Витя теребит ее за плечи:
— Просыпайся.
Сидя на кушетке, она трет глаза. Скоро семь вечера: пора собирать бомбы.
То, что случилось потом, она помнила урывками, смутно. Витя открывал шкаф, снимал по очереди с полок прикрытые одеждой пачки с динамитом, оболочку бомбы, патрон с гремучей ртутью, передавал ей — она несла к столу с разложенными на скатерти пустыми коробками из-под шоколадных конфект, раскладывала по порядку, как учил ее когда-то в Одессе Николай Иванович.
Кажется, она держала в руках запальную трубку с бертолетовой солью и сахаром. Споткнулась о половичок, схватилась машинально за край скатерти… Вспышка, жар в лицо, толчок, темнота…
Очнулась она у дальней стены: Витя с окровавленным лицом поднимал ее с пола. Она застонала от боли в ступнях ног, посмотрела на израненную ладонь с торчащими осколками стекла.
— Быстро! Одевайся!
Он тащил с вешалки верхнюю одежду, бросил ей на колени шубку.
Комнаты было не узнать: обвалившаяся перегородка в соседний номер, всюду куски штукатурки, разбитая мебель, битое стекло. В полу рваная дыра, дым до потолка…
— Давай, давай, скорее!
Чувствуя тупую боль в затылке, она принялась обуваться. Натянула шерстяные бурки, влезла в калоши. Надела, постанывая от саднившего плеча, шубку, набросила на голову платок.
— Сумка! Держи! Я выйду первым, ты за мной!
Он побежал к двери, исчез. Она вышла, прихрамывая, следом.
В коридоре метались испуганные постояльцы, бежали к лестнице.
Она спустилась вниз, прошла через гостевой зал, вышла на мороз. Налетела на карабкавшегося по ступеням усатого городового, споткнулась, едва не упала.
На тротуаре толпились зеваки. Она поискала глазами Виктора — увидела как будто на углу соседнего дома. Пошла в ту сторону — это был не он…
Не думая больше ни о чем, глотая морозный воздух, она заковыляла подальше от галдящей толпы…
В стылый тот декабрьский вечер городовой Тарас Брагинский, стоявший на углу Волошской и Ярославской улиц, тащил время от времени из-за пазухи часы, тяжко вздыхал. До конца дежурства час с лишком, ноги одеревенели до бесчувствия. Добраться бы поскорей до дома, чарочку-другую пропустить за столом. И — на боковую, под перину. Благодать!

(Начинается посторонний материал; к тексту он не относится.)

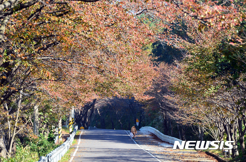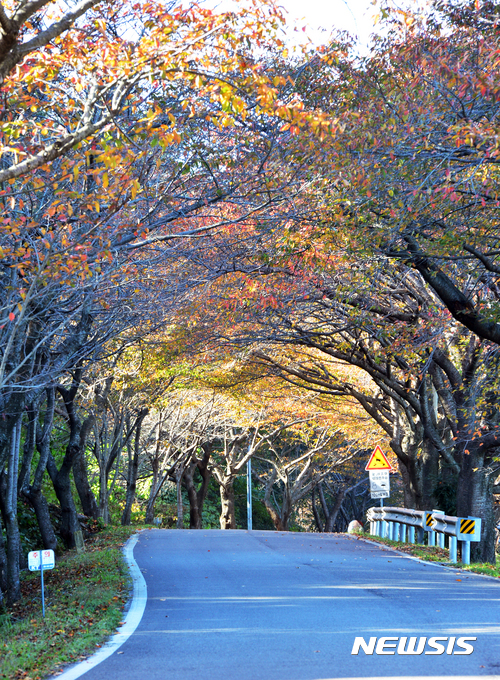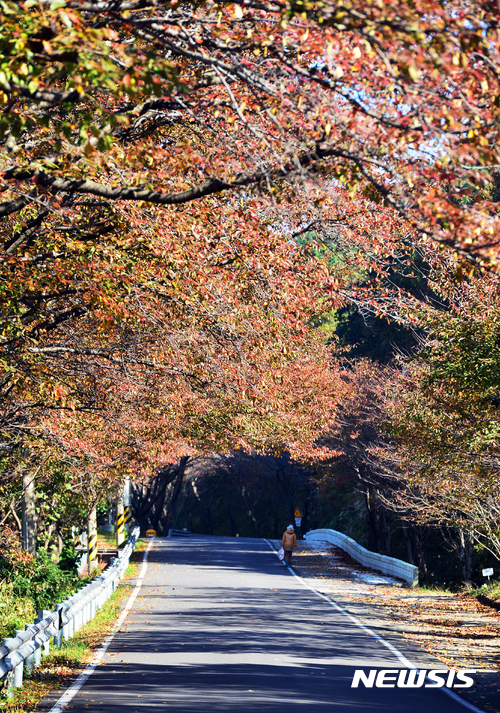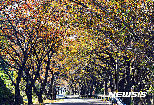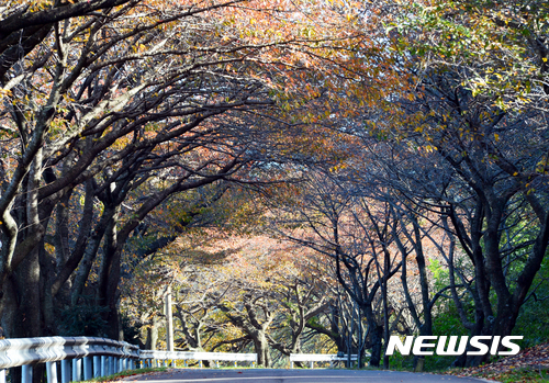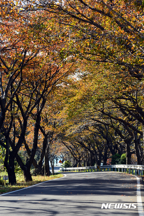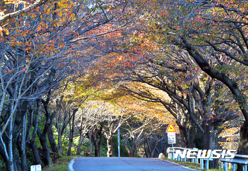 9日午後、慶尚南道南海郡雪川面のワンジ村では、路肩に並ぶサクラの木が葉を紅く色づかせ、深まる秋の趣をさらに増していた。

Дойдя до перекрестка, проследив по обыкновению обстановку на улице: бабу с бидоном, вылезшую из подвала керосиновой лавки, шагающих нетвердо в обнимку мастеровых на противоположной стороне тротуара, проехавшего мимо санного извозчика с седоком, Брагинский заковылял в очередной раз к своей будке у деревянного забора. Постучал каблуками с налипшей наледью о приступок, шумно высморкался в платок.

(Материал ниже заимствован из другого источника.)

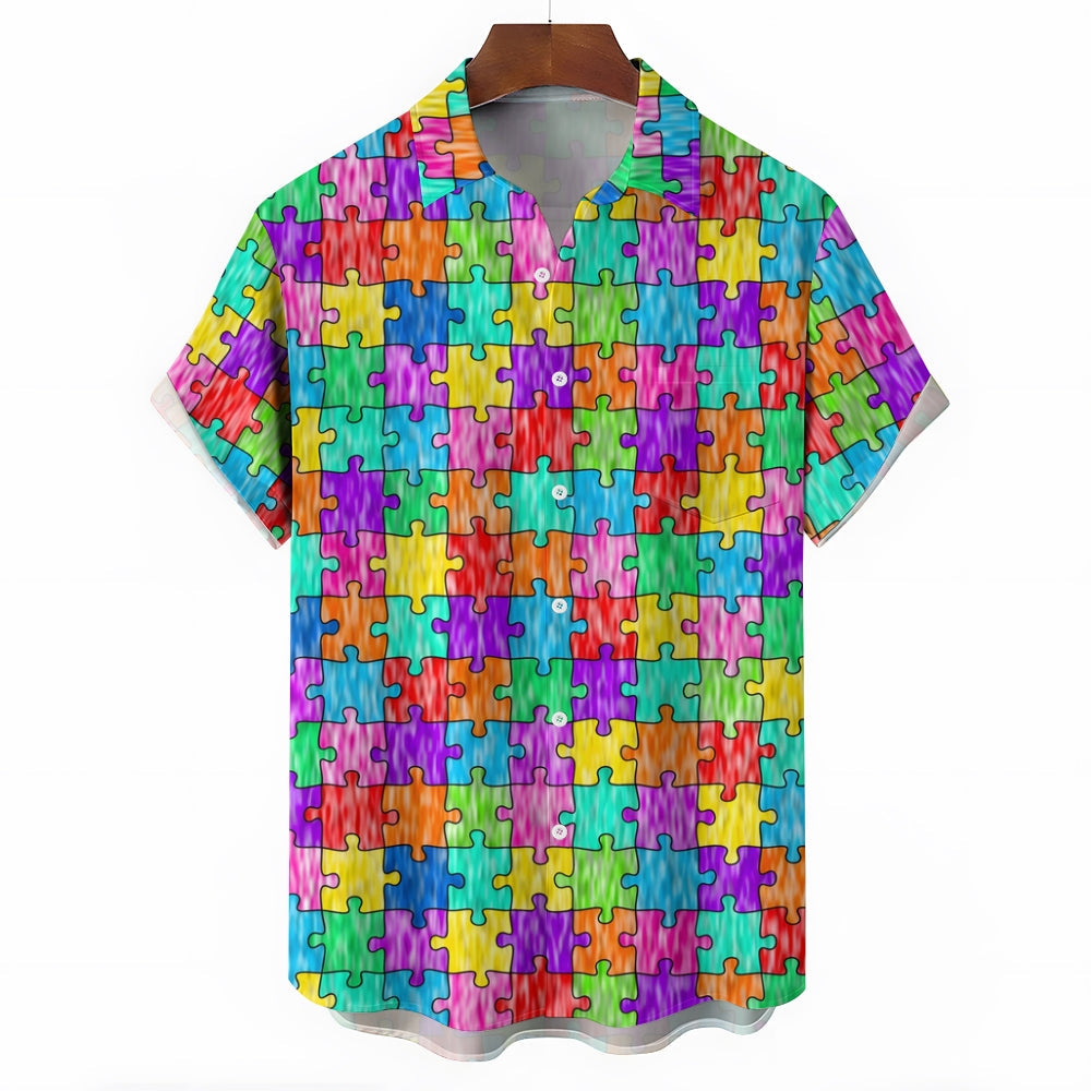 Men's Colorful Puzzle Print Casual Short Sleeve Shirt 2412006001

Хлопнуло в этот момент что-то оглушительно сзади, толкнуло в спину воздушной волной. Обернувшись, Брагинский увидел: летела, разлетаясь на куски, с верхнего этажа номеров «Купе ческой» оконная рама. Грохнулась на мостовую, рассыпалась осколками стекла. Из рваного оконного проема повалил дым…
Придерживая на ходу шашку, Брагинский побежал в сторону гостиницы. Поскользнулся, едва не упал.

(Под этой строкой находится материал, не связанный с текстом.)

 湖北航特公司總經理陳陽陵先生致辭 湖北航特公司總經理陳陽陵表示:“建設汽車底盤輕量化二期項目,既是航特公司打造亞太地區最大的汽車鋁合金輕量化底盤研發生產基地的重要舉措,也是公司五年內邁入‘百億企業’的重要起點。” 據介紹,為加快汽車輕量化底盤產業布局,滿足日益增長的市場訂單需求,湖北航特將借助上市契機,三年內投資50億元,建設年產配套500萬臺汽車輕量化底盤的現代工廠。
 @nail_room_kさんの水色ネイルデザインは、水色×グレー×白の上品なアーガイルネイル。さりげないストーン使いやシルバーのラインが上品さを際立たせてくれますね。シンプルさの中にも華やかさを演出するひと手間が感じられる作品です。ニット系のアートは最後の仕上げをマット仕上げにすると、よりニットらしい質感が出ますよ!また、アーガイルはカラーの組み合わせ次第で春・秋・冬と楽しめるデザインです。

Из соседних лавок и домов выскакивали любопытные, останавливались посреди мостовой сани.
— Пожар! — слышались голоса.
— Разойдись! Не толпиться!
Брагинский сипло задул в висевший на шее свисток. Подбежал к гостиничному входу, рванул входную дверь.
В зале первого этажа царил переполох. Выбегали навстречу полуодетые постояльцы, у стойки отпаивали водой даму в пеньюаре.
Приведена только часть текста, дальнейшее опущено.